Quaranta anni fa, in un’Italia senza social e con pochi canali televisivi, gli italiani sono rimasti con il fiato sospeso per tre giorni seguendo in tv la tragedia di Alfredino Rampi, il bambino di 6 anni rimasto intrappolato in un pozzo dopo una rovinosa caduta.
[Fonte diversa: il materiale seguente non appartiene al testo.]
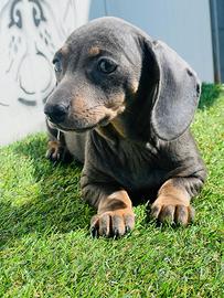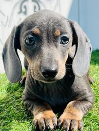disponibile da subito bellissimo cucciolo di bassotto femmina colore blu,libretto sanitario,vaccino,già sverminata,genitori di nostra proprietà.No regalo!

La diretta televisiva Rai durante le ultime 18 ore di vita e di tentativi di salvataggio tenne gli italiani incollati allo schermo nella speranza di vedere i soccorritori tirare fuori il bambino dal pozzo ancora vivo.
Fu proprio la tragedia di Alfredino Rampi a porre l’attenzione sul bisogno di organizzazione e coordinamento dei soccorsi, all’epoca ai limiti dell’improvvisazione, spingendo verso la nascita di una nuova struttura organizzativa per poter gestire le situazioni di emergenza, quella che poi diventò la Protezione Civile.
LA STORIA DI VERMICINO
La storia di Vermicino e del piccolo Alfredino Rampi sono al centro di una mini serie Sky in onda il 21 e 28 giugno ma in molti non la conoscono ancora, specie i più giovani. Era il mese di giugno del 1981 quando la famiglia Rampi, genitori, nonna e i due figli, stava in vacanza in via di Vermicino, zona Selvotta, Frascati. Proprio la sera del 10 giugno, Ferdinando Rampi, due suoi amici e il figlio Alfredino passeggiavano per le campagne fino a quando proprio quest’ultimo chiese al padre di poter continuare da solo attraverso i prati.
Quando il padre arrivò a casa scoprì che il figlio non era tornato e così iniziarono le ricerche nei dintorni e in seguito furono allertate le forze dell’ordine. Fu la nonna la prima a pensare ad un pozzo ma quando venne trovato coperto da una lamiera tenuta ferma da sassi, si passò oltre fino a quando un agente di polizia volle ispezionarlo ugualmente. Fu allora che si fece la scoperta: il bambino era caduto nel pozzo, il proprietario, ignaro di tutto, aveva messo la lamiera dopo e per questo fu arrestato con l’accusa di omicidio colposo.
Le operazioni di soccorso si rivelarono subito estremamente difficili per via dell’imboccatura del pozzo, solo 28 cm, e della profondità alla quale era finito il bambino. In un primo momento si decise di far scendere una tavoletta per far aggrappare il bambino ma si incastrò nel pozzo a 24 metri e non fu più possibile rimuoverla. Si tentò di tutto. La Rai calò un’elettrosonda a filo per permettere le comunicazioni con il bambino, i vigili del fuoco pensarono all’ossigeno, mentre i soccorritori pensarono ad un tunnel parallelo al pozzo per arrivare al bambino.
Fu tutto inutile. Una roccia granitica fermò gli scavi, Alfredino Rampi era stremato, aveva fame, sete, era stanco e piangeva. Sul posto arrivò il Presidente della Repubblica Sandro Pertini, che si fece porgere il microfono per poter parlare con il bambino e proprio quando gli scavi finirono e la risoluzione sembrava vicina, ci si accorse che Alfredino Rampi era scivolato più in basso. Il 13 giugno il piccolo di sei anni venne considerato morto. Il cadavere recuperato da tre squadre di minatori della miniera 28 giorni dopo.